We now have enough gear to operate an onboard studio, as well as a land remote station. Mini-disks will be the core of our news gathering. The ship has two satellite phones, as well as the usual assortment of mobile phones and antennas. (We also have a full range of broadcast quality video gear including editing decks and satellite transmission equipment that we will be using, but that's a different story for now.) We are expecting a journalist from a major U.S. paper and two journalists from Al- Jazeera TV to travel with the ship from Dubai to Doha.
For the Qatar broadcasts, we hope that others will send us finished programming, and that others will use our programming on their radio station and/or Web sites. A big part of what we want to do is bring WTO protests to the delegates. Not many will listen at first, I assume, but some will. If we have important things to say, more will listen. Another goal is to inform people around the globe of what is happening at the meeting. Hopefully they will use the information to put pressure on their governments.
It has become clear that Third World and developing countries will have a voice and feel empowered at Doha. They were ignored in Seattle but this time, many dynamics of the WTO conference are different. Greenpeace sees Doha as a defining moment for their organization and for the growing anti-war movement they are leading together with Friends of the Earth (FOE) and Campaign for Nuclear Disarmament (CND). As an activist, I feel that the WTO has run to this corner of the world because they thought they would be safe from protest. But this time the protest will occur inside the conference. This meeting, taking place in the Middle East, has come at a very crucial time. The West and all of its capitalism and theories of globalization will be under a Middle East microscope. I am convinced that world leaders will chose Doha as a global platform not only to address the larger issues of global economic justice but also to speak out on the subject of the war as Ramadan approaches.
This presents several truly amazing scenarios. With most corporate media shut out (or preoccupied in Afghanistan), it will appear that the WTO is running away from criticism and from analysis. The IMC view is that the corporate media that have managed to get access are WTO-friendly press. There would have been no "alternative," "free" or "independent" viewpoint presented . until now.

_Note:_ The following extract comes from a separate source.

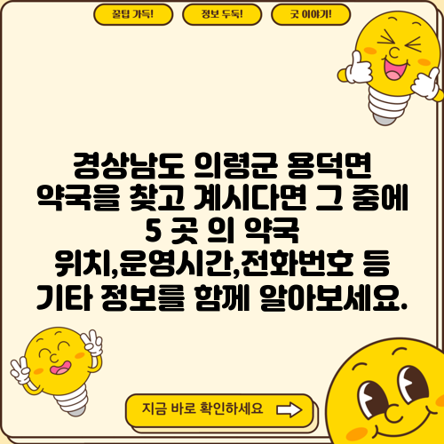 경상남도 의령군 용덕면 약국을 찾고 계시다면 그 중에 5 곳 의 약국 위치,운영시간,전화번호 등 기타 정보를 함께 알아보세요.

Who knows what will be decided behind closed doors? Indymedia intends to find out if these doors are closed to the Third World and developing countries.
Greenpeace felt it important to work with Indymedia and to have IMCs carry its message so that it could speak to the anti-globalization movement around the world about its peace and environmental agenda. It was particularly interested if we could broadcast in NYC and on our South American network. We are sorting out these requests and channels are being coordinated.
We are excited by the prospect of the two Al-Jazeera journalists on board the ship. We are hoping to broadcast IMC video of the conference on Al-Jazeera TV so that we can educate Arabs and the Middle East about the anti-globalization movement and also the new anti-war movement. In turn, we are working to expand and assist new IMC's in Beirut and Israel. Both are a first, I think. It is definitely a first for us and truly represents a global step forward for Indymedia in terms of its coverage.
I think what has helped this new relationship with an old NGO like Greenpeace and a young digital media activist news network is the realization that both movements, although not completely merged, have managed to bridge generations and to educate each other.
I hope the IMC network makes the most of this and we make significant progress towards becoming a truly global independent news media network. I have high hopes for great things. Indymedia really does go where no other news agency will go and thus amplifies the voices of the unheard, the dispossessed and the dissenting from all corners of the planet.
Marcus 'Sky' Covell is a journalist, activist and volunteer with the U.K. Independent Media Center.